Exford Wesleyan Methodist Chapel

DEVON Exford Wesleyan Methodist chapel
DEVON Exford Wesleyan Methodist chapel Sorry it’s not in colour

Exford Wesleyan Methodist chapel (now converted to private use) featured two stained glass windows of brilliant winged angels, holding string instruments and arrayed in scarlet gowns and orange stoles. The windows were made in William Morris’ workshop in 1880 to designs by Edward Burne-Jones and placed in Marylebone chapel. Years later they were acquired by the composer Cyril Scott, who lived in Exford during the Second World War, and he presented them to the chapel in memory of two close friends – Holland-Scott, Professor at Durham School who died at Lynmouth, and Bertram Binyon, the singer (brother of the poet Laurence Binyon), who is buried at Dulverton. A Porlock builder installed the windows.
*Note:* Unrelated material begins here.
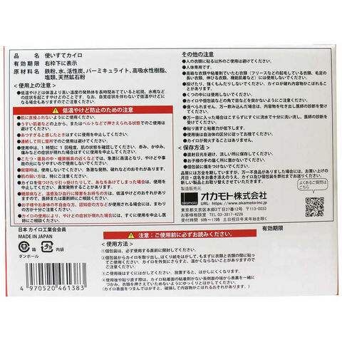 ●自然界の活性エネルギーを備えた天然ミネラル機能鉱石(パージ)を配合したオカモト社オリジナルのカイロです。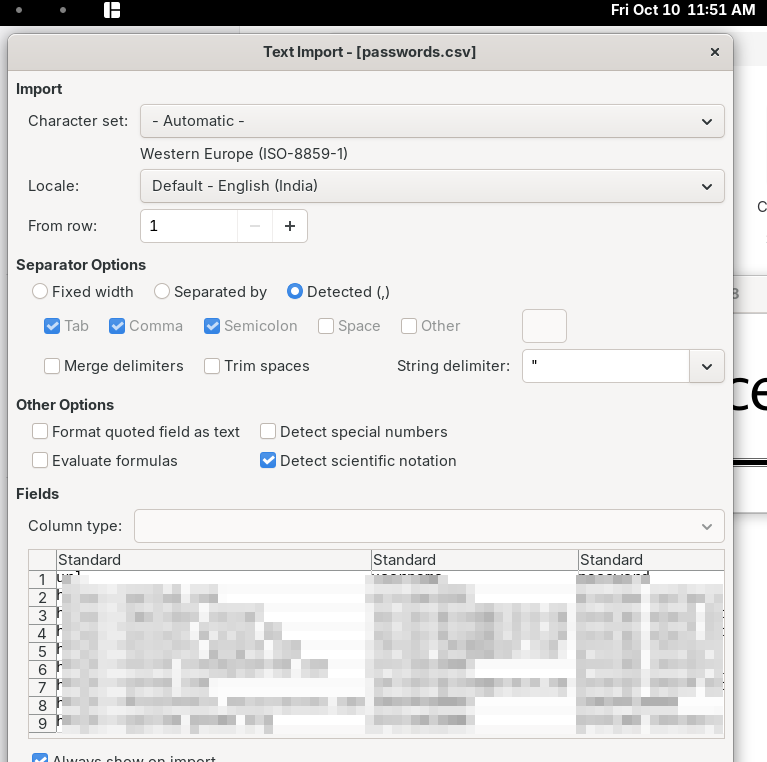 @libreoffice @gnome Yes yes. My bad. I'm running version 25.8.1.1. When I open a .csv file with LibreOffice Calc I see this Text Import window. The problem is that it doesn't fit to my screen size and for that reason the bottom buttons aren't visible.

In 1967 a small black board was fixed to the outside of the chapel stating THIS CHAPEL CONTAINS TWO BURNE-JONES WINDOWS. Sir Edward Coley Burne-Jones was a 19th Century pre-Raphaelite. The windows were seven feet tall and completely dominated the little chapel. They were donated by Cyril Scott, a wealthy composer of music who lived in Exford during the Second World War and now lived in Eastbourne in his old age. The windows commemorated his two friends, Mr T Holland Smith and Mr Bertram Binyon, neither of whom was known locally. They were mounted in Ham Hill stone frames. The chapel also contained two large engravings from paintings by Herbert Schmalz dated 1891, named “The Return from Calvary” and “The Resurrection Morn”. The ceiling was of white-painted planks and had black iron hooks for oil lamps and there was a tiny Victorian pulpit with gilded cast iron scrolls.